Provided records
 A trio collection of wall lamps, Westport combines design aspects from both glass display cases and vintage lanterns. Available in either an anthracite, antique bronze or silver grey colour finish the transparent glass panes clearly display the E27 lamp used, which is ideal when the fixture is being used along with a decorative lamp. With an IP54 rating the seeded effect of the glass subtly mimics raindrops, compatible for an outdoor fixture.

==

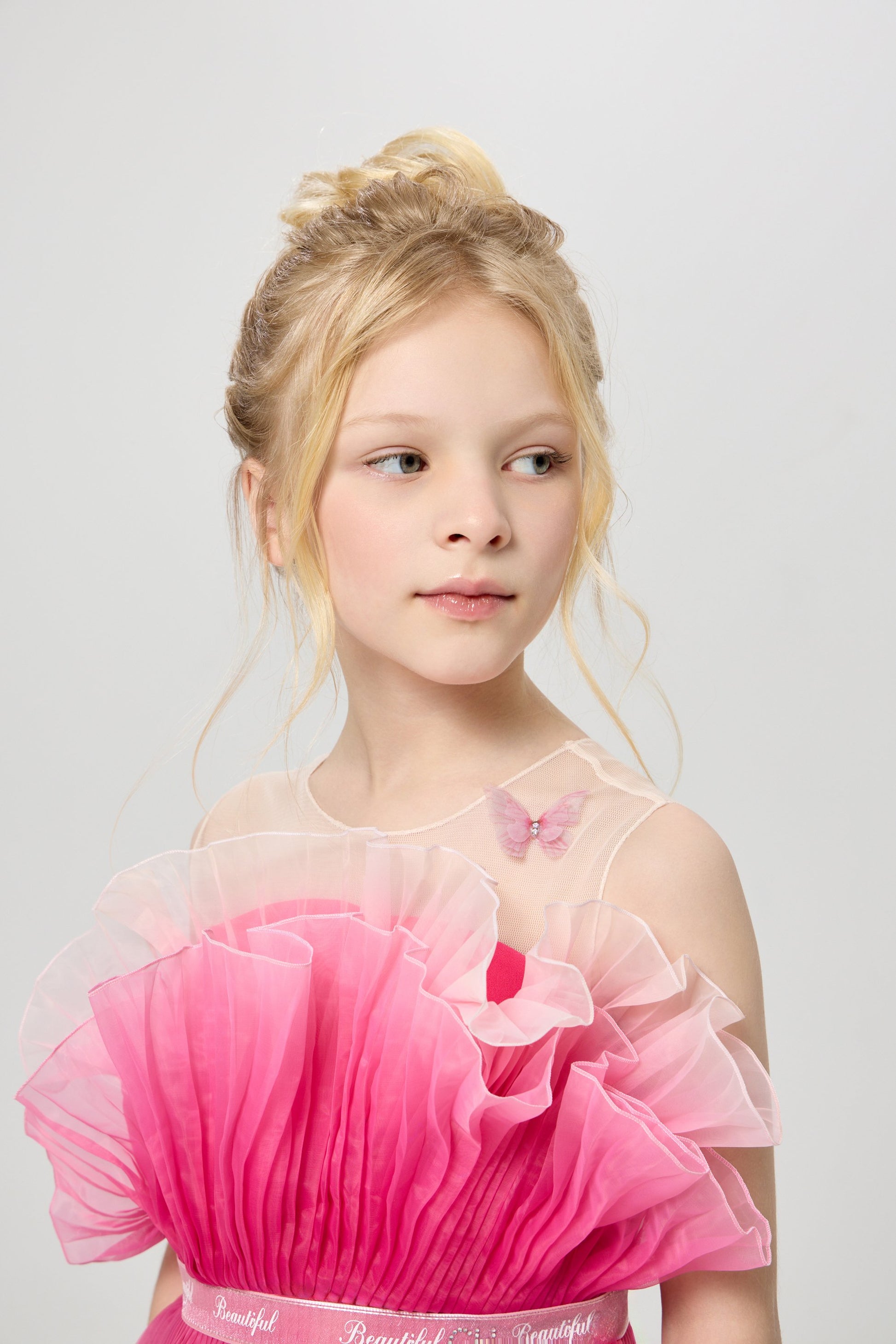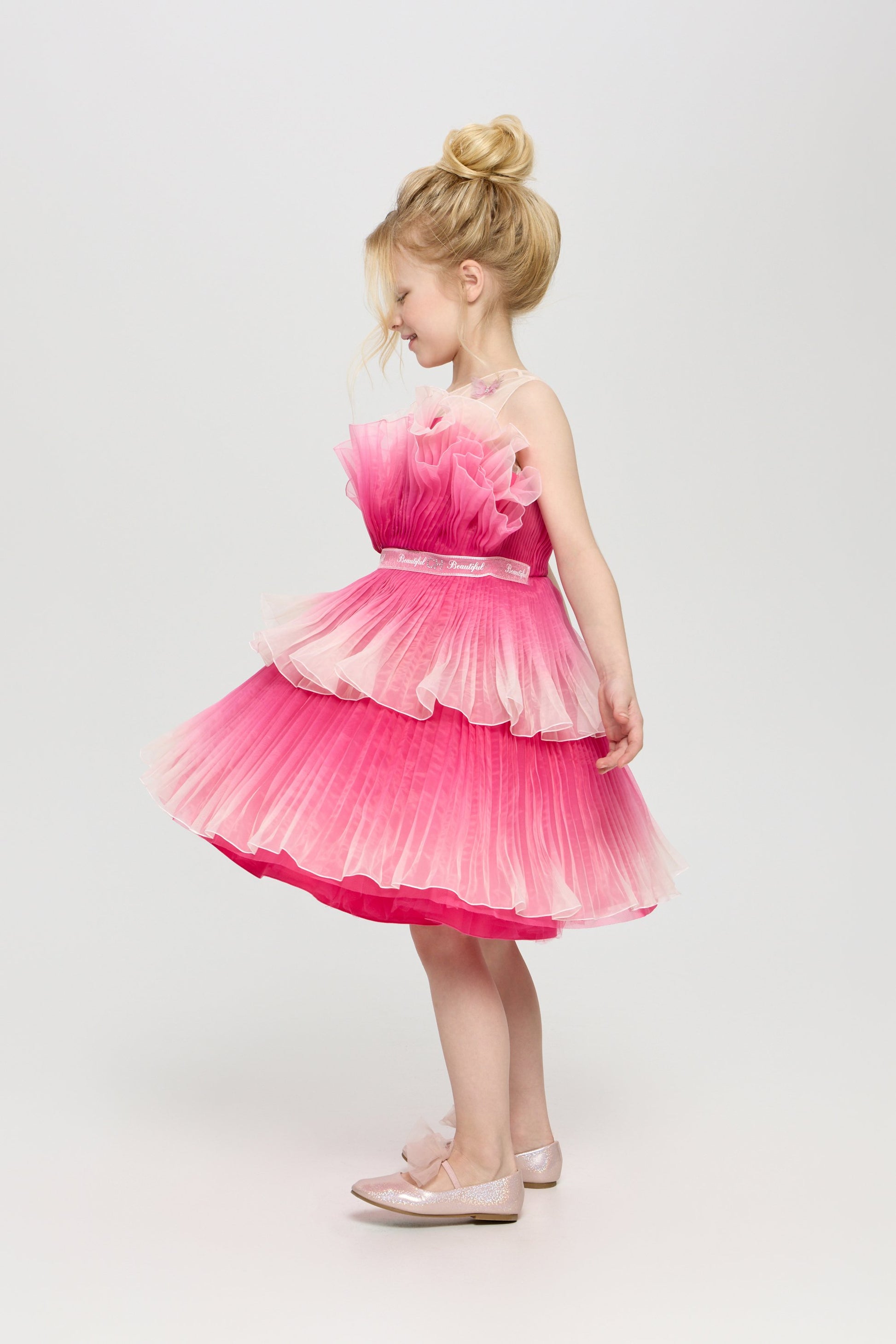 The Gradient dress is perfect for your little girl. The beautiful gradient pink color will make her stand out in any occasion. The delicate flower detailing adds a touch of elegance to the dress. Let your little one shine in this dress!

* * *

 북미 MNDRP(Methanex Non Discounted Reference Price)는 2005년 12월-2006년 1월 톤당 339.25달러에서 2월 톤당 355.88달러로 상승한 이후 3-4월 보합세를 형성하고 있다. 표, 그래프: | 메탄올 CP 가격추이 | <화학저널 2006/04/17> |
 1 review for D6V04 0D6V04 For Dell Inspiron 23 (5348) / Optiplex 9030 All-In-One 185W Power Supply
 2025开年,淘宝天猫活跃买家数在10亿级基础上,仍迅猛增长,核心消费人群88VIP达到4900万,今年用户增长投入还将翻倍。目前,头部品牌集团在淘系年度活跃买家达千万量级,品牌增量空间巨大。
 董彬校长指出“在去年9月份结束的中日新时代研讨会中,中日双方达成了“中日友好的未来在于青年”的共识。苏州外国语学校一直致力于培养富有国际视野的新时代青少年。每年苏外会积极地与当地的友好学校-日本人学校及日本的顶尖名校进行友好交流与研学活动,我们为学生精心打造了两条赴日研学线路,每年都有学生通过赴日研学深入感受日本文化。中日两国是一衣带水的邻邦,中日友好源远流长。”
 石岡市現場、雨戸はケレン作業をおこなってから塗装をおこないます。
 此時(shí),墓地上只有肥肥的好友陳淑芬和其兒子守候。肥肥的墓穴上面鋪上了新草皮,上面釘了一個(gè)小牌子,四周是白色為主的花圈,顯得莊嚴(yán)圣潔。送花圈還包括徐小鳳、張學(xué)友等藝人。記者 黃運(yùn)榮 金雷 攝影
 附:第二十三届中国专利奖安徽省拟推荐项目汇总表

What the exercise asks
Give an exact copy of the lines above from the line with "石岡市現場、雨戸はケレン作業をおこなってから塗装をおこないます。" up to and including the line with "附:第二十三届中国专利奖安徽省拟推荐项目汇总表", and leave everything else out.

Answer section
 石岡市現場、雨戸はケレン作業をおこなってから塗装をおこないます。
 此時(shí),墓地上只有肥肥的好友陳淑芬和其兒子守候。肥肥的墓穴上面鋪上了新草皮,上面釘了一個(gè)小牌子,四周是白色為主的花圈,顯得莊嚴(yán)圣潔。送花圈還包括徐小鳳、張學(xué)友等藝人。記者 黃運(yùn)榮 金雷 攝影
 附:第二十三届中国专利奖安徽省拟推荐项目汇总表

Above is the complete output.